▶ _Records contained in a dataset_

_ _ _ _ _

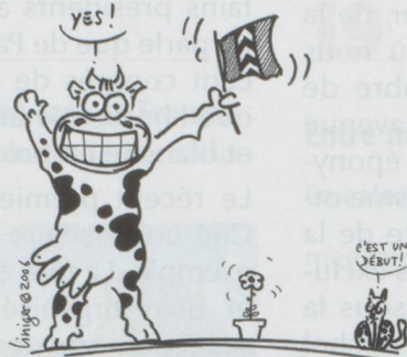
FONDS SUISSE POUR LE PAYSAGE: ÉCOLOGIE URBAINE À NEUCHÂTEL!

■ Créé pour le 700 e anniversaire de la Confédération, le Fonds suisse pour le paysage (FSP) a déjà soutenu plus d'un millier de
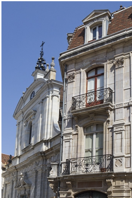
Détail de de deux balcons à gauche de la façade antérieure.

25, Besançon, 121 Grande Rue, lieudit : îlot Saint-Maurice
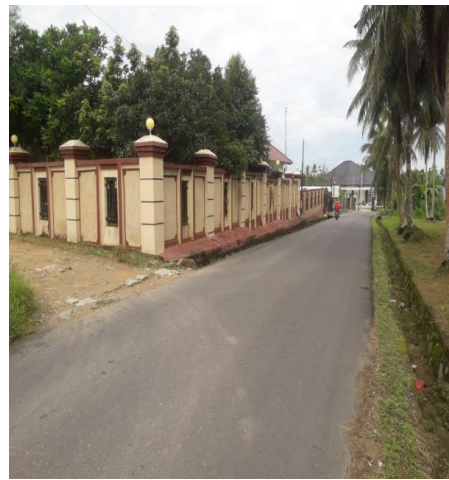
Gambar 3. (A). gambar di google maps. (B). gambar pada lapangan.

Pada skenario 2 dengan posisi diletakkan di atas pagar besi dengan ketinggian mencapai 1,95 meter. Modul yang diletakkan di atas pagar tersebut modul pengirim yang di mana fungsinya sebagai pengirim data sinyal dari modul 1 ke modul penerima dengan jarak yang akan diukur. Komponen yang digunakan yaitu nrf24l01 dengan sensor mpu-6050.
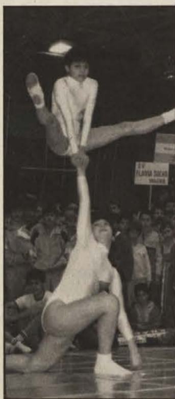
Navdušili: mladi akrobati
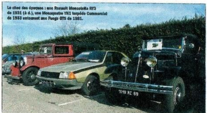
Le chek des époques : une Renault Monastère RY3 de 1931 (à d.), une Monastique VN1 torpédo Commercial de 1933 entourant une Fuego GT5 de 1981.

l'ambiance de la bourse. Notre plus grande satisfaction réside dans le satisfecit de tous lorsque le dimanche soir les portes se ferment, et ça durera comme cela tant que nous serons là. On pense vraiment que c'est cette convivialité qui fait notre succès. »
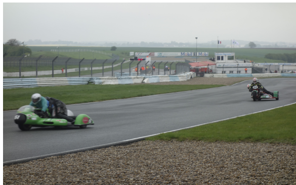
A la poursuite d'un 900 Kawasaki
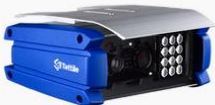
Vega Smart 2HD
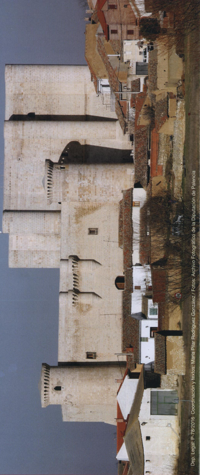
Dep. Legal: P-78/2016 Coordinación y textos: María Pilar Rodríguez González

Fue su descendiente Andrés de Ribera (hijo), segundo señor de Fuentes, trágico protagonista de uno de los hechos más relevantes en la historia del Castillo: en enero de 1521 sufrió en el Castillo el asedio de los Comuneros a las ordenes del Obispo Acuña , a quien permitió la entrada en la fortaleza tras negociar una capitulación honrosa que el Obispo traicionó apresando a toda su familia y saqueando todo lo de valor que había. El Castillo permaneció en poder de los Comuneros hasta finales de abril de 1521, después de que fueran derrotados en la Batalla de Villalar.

_ _ _ _ _

▶ _Task_
Now write out the data word for word, skipping every picture in it.

▶ _Answer_
FONDS SUISSE POUR LE PAYSAGE: ÉCOLOGIE URBAINE À NEUCHÂTEL!

■ Créé pour le 700 e anniversaire de la Confédération, le Fonds suisse pour le paysage (FSP) a déjà soutenu plus d'un millier de
Détail de de deux balcons à gauche de la façade antérieure.

25, Besançon, 121 Grande Rue, lieudit : îlot Saint-Maurice
Gambar 3. (A). gambar di google maps. (B). gambar pada lapangan.

Pada skenario 2 dengan posisi diletakkan di atas pagar besi dengan ketinggian mencapai 1,95 meter. Modul yang diletakkan di atas pagar tersebut modul pengirim yang di mana fungsinya sebagai pengirim data sinyal dari modul 1 ke modul penerima dengan jarak yang akan diukur. Komponen yang digunakan yaitu nrf24l01 dengan sensor mpu-6050.
Navdušili: mladi akrobati
Le chek des époques : une Renault Monastère RY3 de 1931 (à d.), une Monastique VN1 torpédo Commercial de 1933 entourant une Fuego GT5 de 1981.

l'ambiance de la bourse. Notre plus grande satisfaction réside dans le satisfecit de tous lorsque le dimanche soir les portes se ferment, et ça durera comme cela tant que nous serons là. On pense vraiment que c'est cette convivialité qui fait notre succès. »
A la poursuite d'un 900 Kawasaki
Vega Smart 2HD
Dep. Legal: P-78/2016 Coordinación y textos: María Pilar Rodríguez González

Fue su descendiente Andrés de Ribera (hijo), segundo señor de Fuentes, trágico protagonista de uno de los hechos más relevantes en la historia del Castillo: en enero de 1521 sufrió en el Castillo el asedio de los Comuneros a las ordenes del Obispo Acuña , a quien permitió la entrada en la fortaleza tras negociar una capitulación honrosa que el Obispo traicionó apresando a toda su familia y saqueando todo lo de valor que había. El Castillo permaneció en poder de los Comuneros hasta finales de abril de 1521, después de que fueran derrotados en la Batalla de Villalar.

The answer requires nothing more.